Jan. 19-23: World Economic Forum, Davos, Switzerland.
Feb. 10-11: AI Action Summit, New Delhi, India.
BRAIN FOOD
At NeurIPS, the mood shifts against LLMs as a path to AGI. The Information reported that a growing number of researchers attending NeurIPS, the AI research field’s most important conference—which took place last week in San Diego (with satellite events in other cities)—are increasingly skeptical of the idea that large language models (LLMs) will ever lead to artificial general intelligence (AGI). Instead, they feel the field may need an entirely new kind of AI architecture to advance to more human-like AI that can continually learn, can learn efficiently from fewer examples, and can extrapolate and analogize concepts to previously unseen problems.

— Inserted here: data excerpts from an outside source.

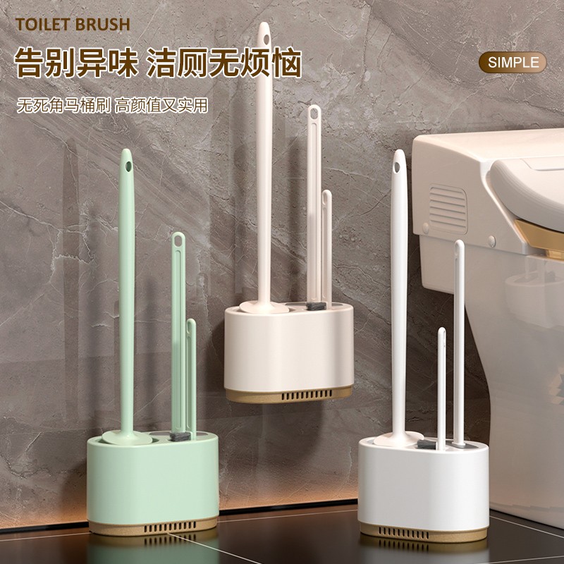 - Набор из четырех предметов - темно-зеленый [ершик для унитаза + плоская щетка + щетка для чистки + зажим]
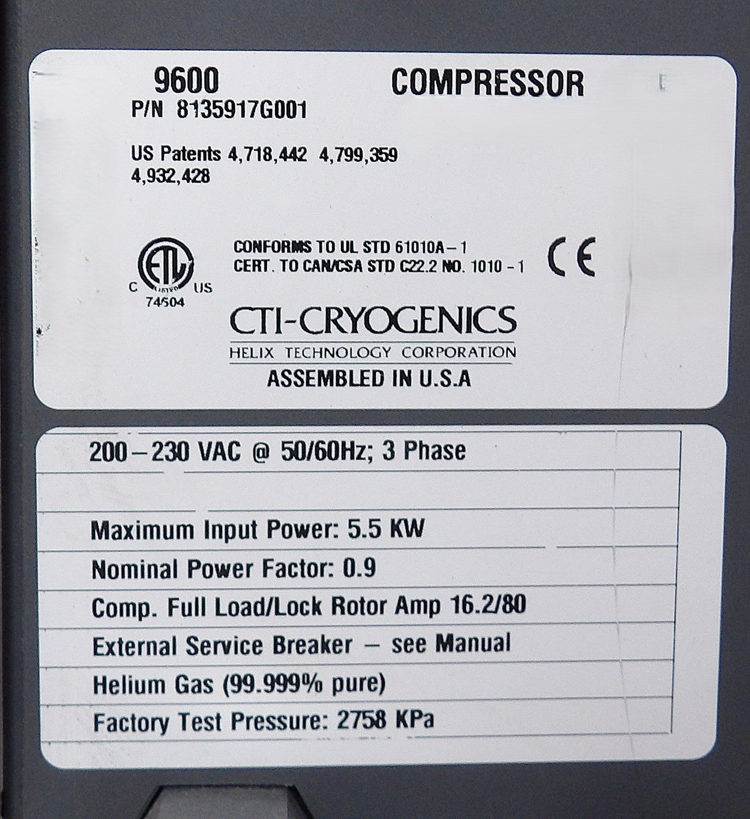CTI-Cryogenics 8135917G001 9600 Compressor Helium Cryopump Tested Working
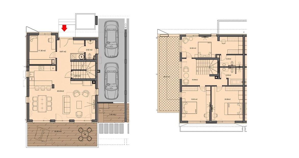 Дворът от 478.75 м² дава свобода за вашия личен почерк – красива градина, детски кът, зона за барбекю или дори възможност за бъдещ малък басейн според предпочитанията ви. Двете паркоместа в парцела добавят удобство за ежедневието и за гостите.
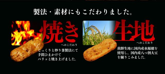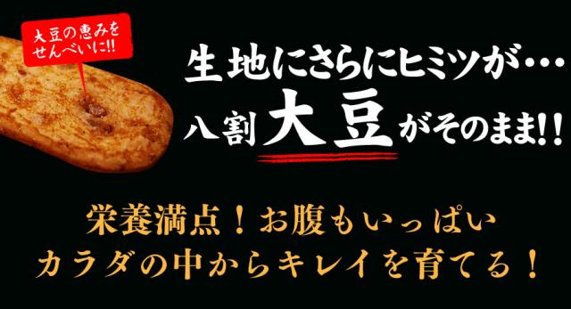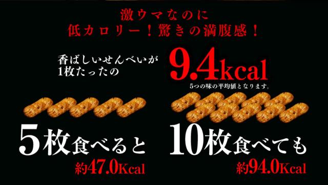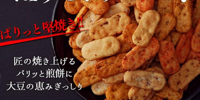 | 原材料 | うるち米(国産)、大豆、植物油、えび粉、醤油、おからパウダー、砂糖、豆乳パウダー、食塩、カレーパウダー、コンソメパウダー、バーベキューシーズニング、でん粉、みりん、昆布エキス、青唐辛子、ハバネロパウダー/調味料(アミノ酸等)、カラメル色素、酸味料、(一部にえび・小麦・牛肉・ゼラチン・大豆・鶏肉・豚肉を含む) |
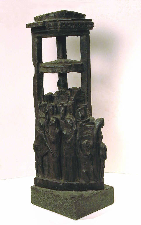 - NOTIZIE STORICO CRITICHE I caratteri arcaizzanti che risaltano immediatamente nella scultura sono utilizzati da Pelati per mettere in scena un rito collettivo che si potrebbe dire ancestrale. Per questo anche la disposizione paratattica delle figure, poste sotto una sorta di baldacchino (metà struttura e metà apparato effimero), accentua questo senso di lontananza temporale e dà all'artista la possibilità di trattare la materia con una forza spirituale inusitata. Rispetto alle opere coeve in questa comincia a farsi spazio un nuovo sentimento spaziale che condurrà l'artista entro un paio d'anni ad abbandonare la forma chiusa e a bassorilievo per nuove soluzioni più aperte e disponibili ad entrare in dialogo con lo spazio reale.

Figures such as Amazon’s David Luan and OpenAI co-founder Ilya Sutskever contend that current approaches, including large-scale pre-training and reinforcement learning, fail to produce models that truly generalize, while new research presented at the conference explores self-adapting models that can acquire new knowledge on the fly. Their skepticism contrasts with the view of leaders like Anthropic CEO Dario Amodei and OpenAI’s Sam Altman, who believe scaling current methods can still achieve AGI. If critics are correct, it could undermine billions of dollars in planned investment in existing training pipelines.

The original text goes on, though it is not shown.